WSAC/WACO Joint Conference Save the Date
Scott Blonien
Legislative Hot Sheet January 16-22, 2017

Good morning! Today is day 12 of the 2017 legislative session.
Although not every WACO Priority bill was dropped in both houses simultaneously, we are currently working a total of 11 bills in both houses.
Signed legislation is the result of several successes throughout the session. For a bill to become law, we have to be successful at drafting the bill, securing sponsors, getting a committee hearing, lobbying to get enough votes to move the bill out of committee - then securing support to move it through the rules committee, to the floor calendar, pulled for a floor vote, and secure the votes to move the bill to the opposite house. Once in the opposite house the process starts all over again.
We’ve had a flurry of successes in the past week. All of our priority bills have been sponsored, introduced, and now 10 of 11 of our bills have had, or are scheduled to have, committee hearings. The WACO Priority bills have generated a lot of attention and enthusiasm; in some cases there was competition over who would be the prime sponsors.

Priority Bills

Assessors: (HB 1309, SB 5188) The Assessors’ bill to remove land from the current property tax classification due to natural disasters had a hearing in the House Committee on Finance at 8 am in House Hearing Room A (link); Policy Director Monty Cobb testified on behalf of WACO and the Assessors. The Senate version of the bill is scheduled for a hearing January 24 at 1:30 pm in the Senate Committee on Local Government.
Auditors: (HB 1161, SB 5187) the Auditors' clean-up bill was discussed in the January 17 House Local Government Committee hearing (link). WACO Policy Director Monty Cobb and Thurston County Auditor Mary Hall testified in favor of the bill.

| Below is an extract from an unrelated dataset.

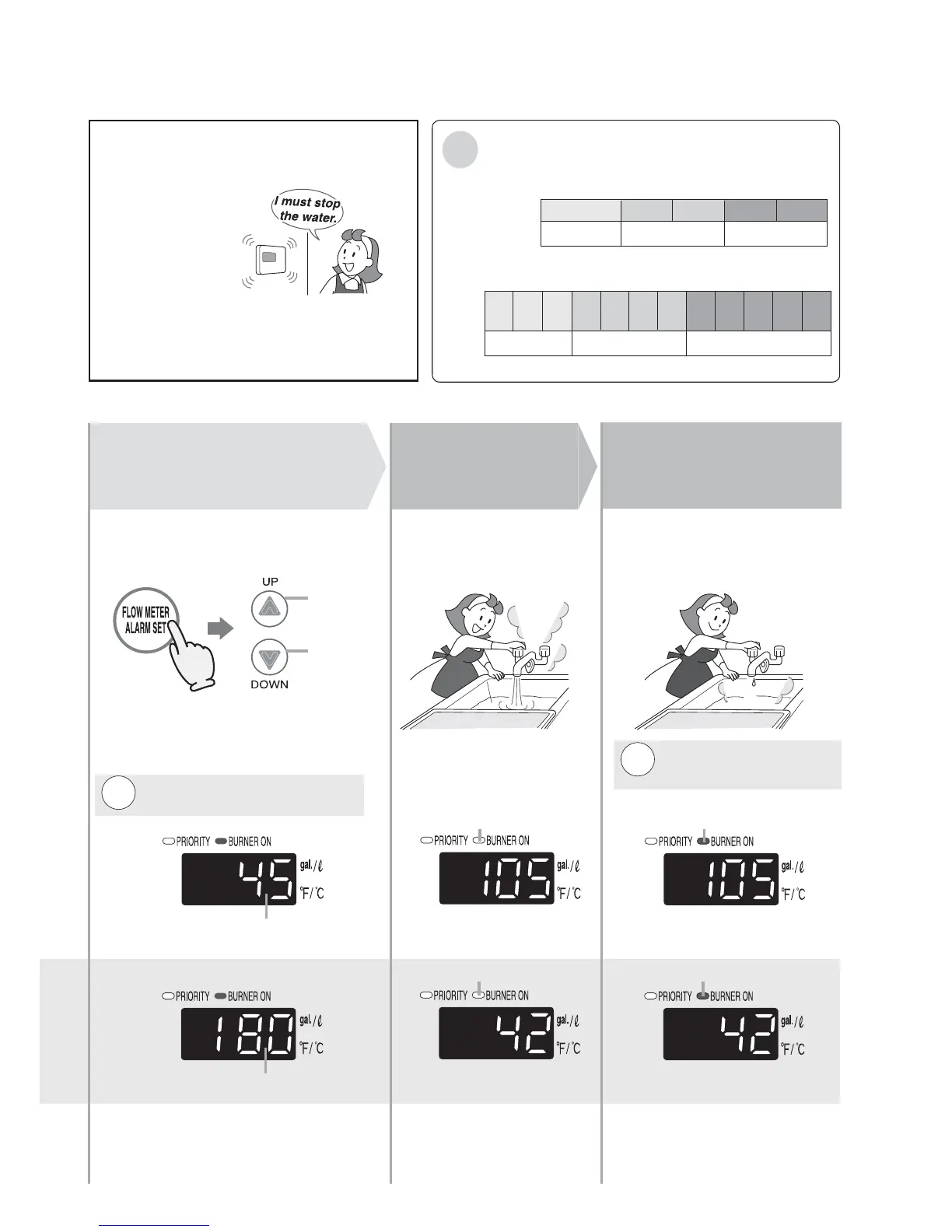 Press the flow meter alarm set button

(HB 1286) The Auditors' licensing fee bill is scheduled for a hearing in the House Committee on Transportation January 25 at 3:30 pm.

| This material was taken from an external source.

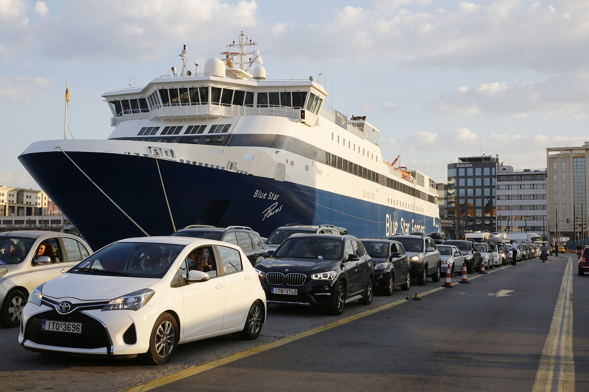 Πλήθος ταξιδιωτών και αυτοκινήτων επιβιβάζονται στα πλοία για τις καλοκαιρινές διακοπές στα νησιά του Αιγαίου, τηρώντας τα μέτρα ενάντια στην εξάπλωση της πανδημίας covid 19, στο λιμάνι του Πειραιά, Σάββατο 3 Ιουλίου 2021. ΑΠΕ-ΜΠΕ/ΑΠΕ-ΜΠΕ/ ΑΛΕΞΑΝΔΡΟΣ ΒΛΑΧΟΣ ΑΠΕ- ΜΠΕ/ΑΠΕ- ΜΠΕ/ΑΛΕΞΑΝΔΡΟΣ ΒΛΑΧΟΣ

Clerks: (HB 1396, SB 5327) The Clerks' modernizing and clarifying statutes relating to the County Clerk bill has dropped, but is yet to be officially assigned to a hearing. The Senate version of the bill is scheduled for public hearing in the Senate Committee on Law & Justice January 24 at 10 am.

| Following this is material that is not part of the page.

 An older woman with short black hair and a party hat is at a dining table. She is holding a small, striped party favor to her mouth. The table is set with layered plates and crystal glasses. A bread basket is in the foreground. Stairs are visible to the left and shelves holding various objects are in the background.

Prosecutors: (HB 1355, SB 5278) The Prosecutors' Public Safety Review Board bill is scheduled for a January 25, 8 am hearing in the House Committee on Judiciary. The Senate version of the bill will receive a Senate Committee on Law & Justice hearing January 24 at 10 am.
Treasurers: (HB 1283, SB 5189) The Treasurers’ anticipated tax bill is scheduled for a hearing the House Committee on Finance January 27 at 8 am. The Senate version of the bill is scheduled for a hearing before the Senate Committee on Local Government on January 24 at 1:30 pm.

Legislative Receptions

During session we are partnering with WSAC for four legislative receptions at the Water Street Café in Olympia. Please put these receptions on your calendars and give your local legislators a call to invite them to join us.

On Wednesday night, January 18, we held the first joint WACO/WSAC legislative reception. Thank you to those who attended. These are great opportunities to meet with the legislators in a very informal setting.

On Wednesday, we learned that some legislators would be introducing county friendly bills addressing state agency rule reform. It gave WACO the opportunity to again make the pitch that when agency rules place burdens on the counties, the agency should be required to prepare a fiscal impact note. We’ve heard from so many of you that far too often agency rules are enacted without concern of the costs to implement them at the county level.

The remaining receptions are:

  • February 15, 6:00-8:00 PM, Water Street Café
  • March 15, 6:00-8:00 PM, Water Street Café
  • April 5, 6:00-8:00 PM, Water Street Cafe

Guest Editorial: Bill Elfo, Whatcom County Sheriff

(Article courtesy of: The Northern Light)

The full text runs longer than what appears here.